These findings are consistent with a growing body of research demonstrating the efficacy of GAN-based models for generating complex tabular data across various domains. For instance, Park et al. (2024) reported that a WGAN-GP-based scheme effectively generated tabular data for photovoltaic power forecasting, significantly improving the performance of downstream models. 25 Similarly, its utility has been confirmed in cybersecurity for enhancing intrusion detection systems with high-quality synthetic data. 39 The application of such generative models is particularly relevant in the biomedical field, where data scarcity is a critical and persistent challenge.40,41 Studies have successfully employed GANs to generate synthetic health records that preserve patient privacy while improving the accuracy of decision-making models, 42 and to create realistic tabular data for cardiovascular health research. 43 Medical datasets are often characterized by intricate interdependencies among variables33,44 and the results of this study confirm that WGAN-GP is a powerful tool for handling such complexity.
This study demonstrates that data augmentation with WGAN-GP substantially enhances predictive model performance. The most notable improvement was seen in the XGBoost model, where the R² on the test set increased from 0.67 to 0.77. This outcome aligns with a primary goal of data augmentation: the mitigation of model overfitting, which is a common risk when training on limited datasets.45,46 By enriching the training data with high-fidelity synthetic samples, the model is compelled to learn more robust and generalizable decision boundaries rather than memorizing the noise inherent in a small sample.47,48
The effectiveness of this approach is consistent with findings from other domains.

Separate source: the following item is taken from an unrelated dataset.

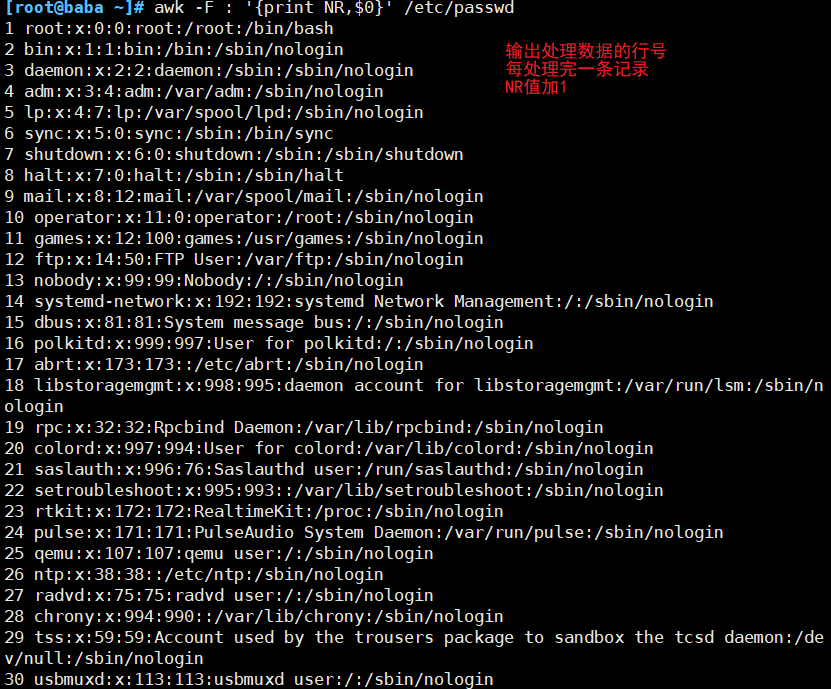 | RS | 行分割符,awk从文件上读取资料时,将根据RS的定义把资料切割成许多条记录,而awk一次仅读入一条记录,以进行处理。预设值是‘\n’ |

For instance, studies have reported significant performance gains by combining synthetic and real data for hydrological forecasting 49 and for predicting clinical outcomes in intensive care. 50 Specifically, Noguer et al. (2022) also showed that GAN-generated data improved ML model performance for predicting hypoglycemic events in patients with diabetes. 51 Furthermore, the performance gains in this study were observed across all three distinct model architectures—XGBoost, SVR, and MLP. This consistent improvement suggests that the benefit is a fundamental consequence of the enhanced data quality and not an artifact of a specific learning algorithm. This is particularly relevant as data augmentation strategies are continually being adapted for diverse and complex regression tasks.52,53
The value of this methodology is especially pronounced in fields like body composition analysis, where a key goal is to develop computational models that can reduce the time and expense associated with resource-intensive experimental procedures. 54 Acquiring gold-standard measurements for body fat, for instance, is a costly process that inherently restricts dataset size. 55 The challenges of building reliable AI models from limited or non-representative biomedical data are well-documented.56,57 Therefore, using a robust generative model to augment these valuable but scarce datasets offers a practical pathway to develop more accurate and accessible predictive tools.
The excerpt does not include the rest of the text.